> Provided data
*** Begin section ***

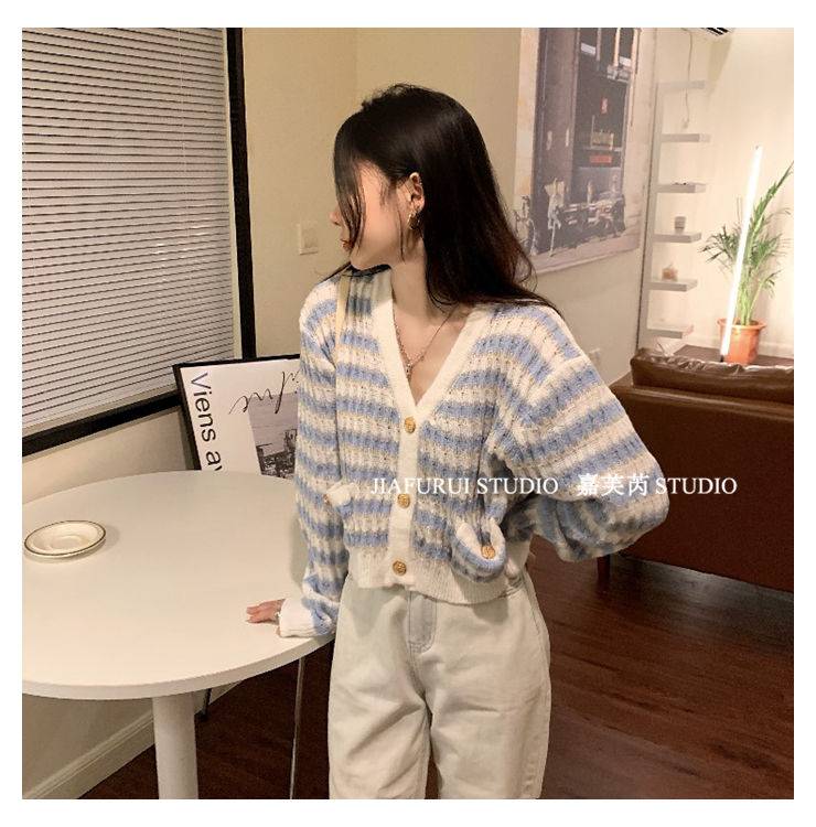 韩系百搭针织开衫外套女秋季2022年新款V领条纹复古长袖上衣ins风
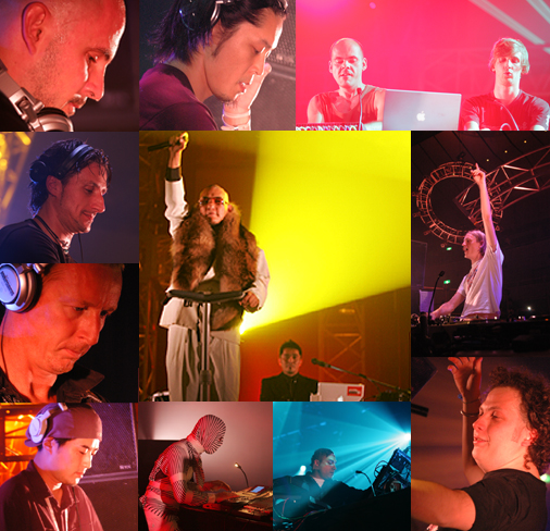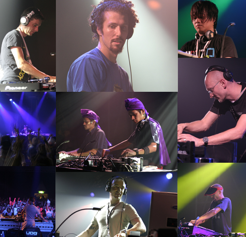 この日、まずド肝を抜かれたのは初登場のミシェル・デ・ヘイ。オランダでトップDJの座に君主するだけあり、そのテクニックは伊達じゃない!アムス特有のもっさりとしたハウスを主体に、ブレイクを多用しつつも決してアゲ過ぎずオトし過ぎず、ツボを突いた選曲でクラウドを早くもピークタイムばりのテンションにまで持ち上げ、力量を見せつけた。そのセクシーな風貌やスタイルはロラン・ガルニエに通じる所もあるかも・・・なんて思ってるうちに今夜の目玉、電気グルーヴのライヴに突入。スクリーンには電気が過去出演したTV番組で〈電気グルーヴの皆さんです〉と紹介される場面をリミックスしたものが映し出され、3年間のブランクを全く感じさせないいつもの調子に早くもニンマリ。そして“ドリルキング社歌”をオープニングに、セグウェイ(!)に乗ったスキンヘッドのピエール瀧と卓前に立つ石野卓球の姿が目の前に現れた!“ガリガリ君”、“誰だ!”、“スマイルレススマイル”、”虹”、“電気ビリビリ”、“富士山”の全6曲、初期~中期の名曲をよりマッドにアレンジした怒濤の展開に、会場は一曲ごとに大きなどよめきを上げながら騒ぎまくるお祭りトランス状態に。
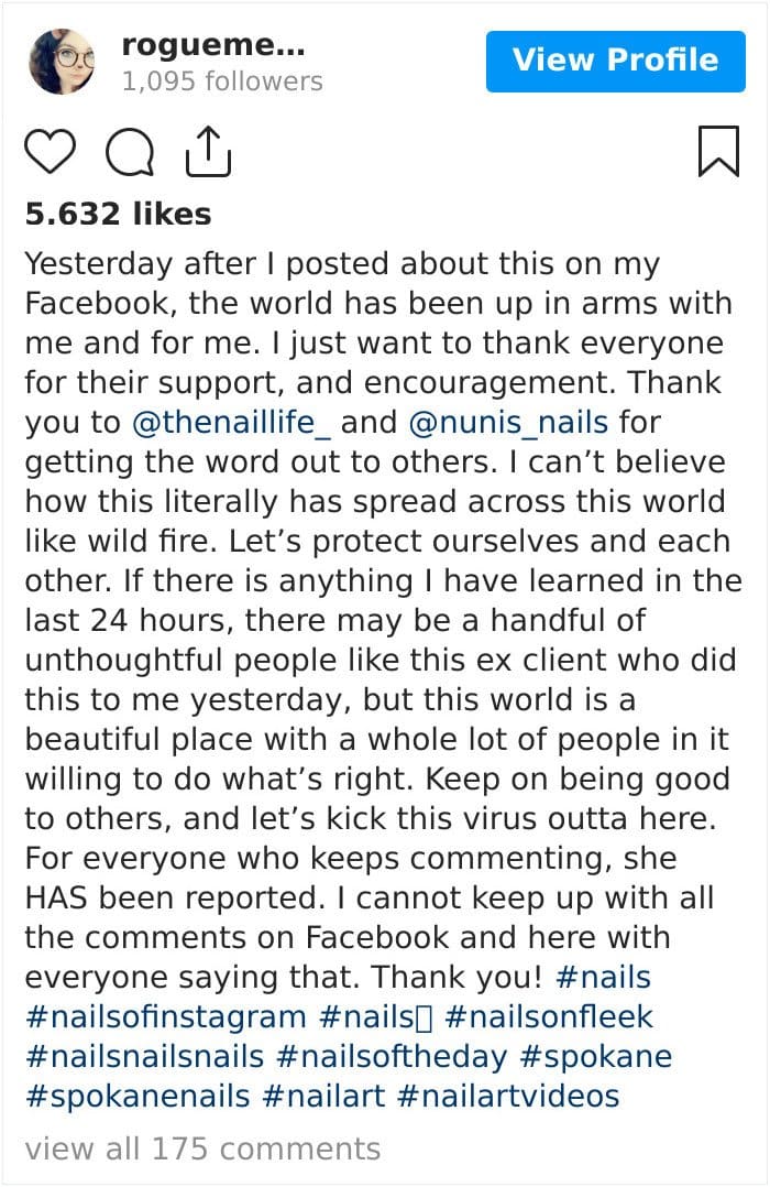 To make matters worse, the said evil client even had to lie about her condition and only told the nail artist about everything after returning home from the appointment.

*** End section ***

> Assignment
Transcribe the whole listing above exactly and leave out the pictures.

> Result for this exercise
 韩系百搭针织开衫外套女秋季2022年新款V领条纹复古长袖上衣ins风
 この日、まずド肝を抜かれたのは初登場のミシェル・デ・ヘイ。オランダでトップDJの座に君主するだけあり、そのテクニックは伊達じゃない!アムス特有のもっさりとしたハウスを主体に、ブレイクを多用しつつも決してアゲ過ぎずオトし過ぎず、ツボを突いた選曲でクラウドを早くもピークタイムばりのテンションにまで持ち上げ、力量を見せつけた。そのセクシーな風貌やスタイルはロラン・ガルニエに通じる所もあるかも・・・なんて思ってるうちに今夜の目玉、電気グルーヴのライヴに突入。スクリーンには電気が過去出演したTV番組で〈電気グルーヴの皆さんです〉と紹介される場面をリミックスしたものが映し出され、3年間のブランクを全く感じさせないいつもの調子に早くもニンマリ。そして“ドリルキング社歌”をオープニングに、セグウェイ(!)に乗ったスキンヘッドのピエール瀧と卓前に立つ石野卓球の姿が目の前に現れた!“ガリガリ君”、“誰だ!”、“スマイルレススマイル”、”虹”、“電気ビリビリ”、“富士山”の全6曲、初期~中期の名曲をよりマッドにアレンジした怒濤の展開に、会場は一曲ごとに大きなどよめきを上げながら騒ぎまくるお祭りトランス状態に。
 To make matters worse, the said evil client even had to lie about her condition and only told the nail artist about everything after returning home from the appointment.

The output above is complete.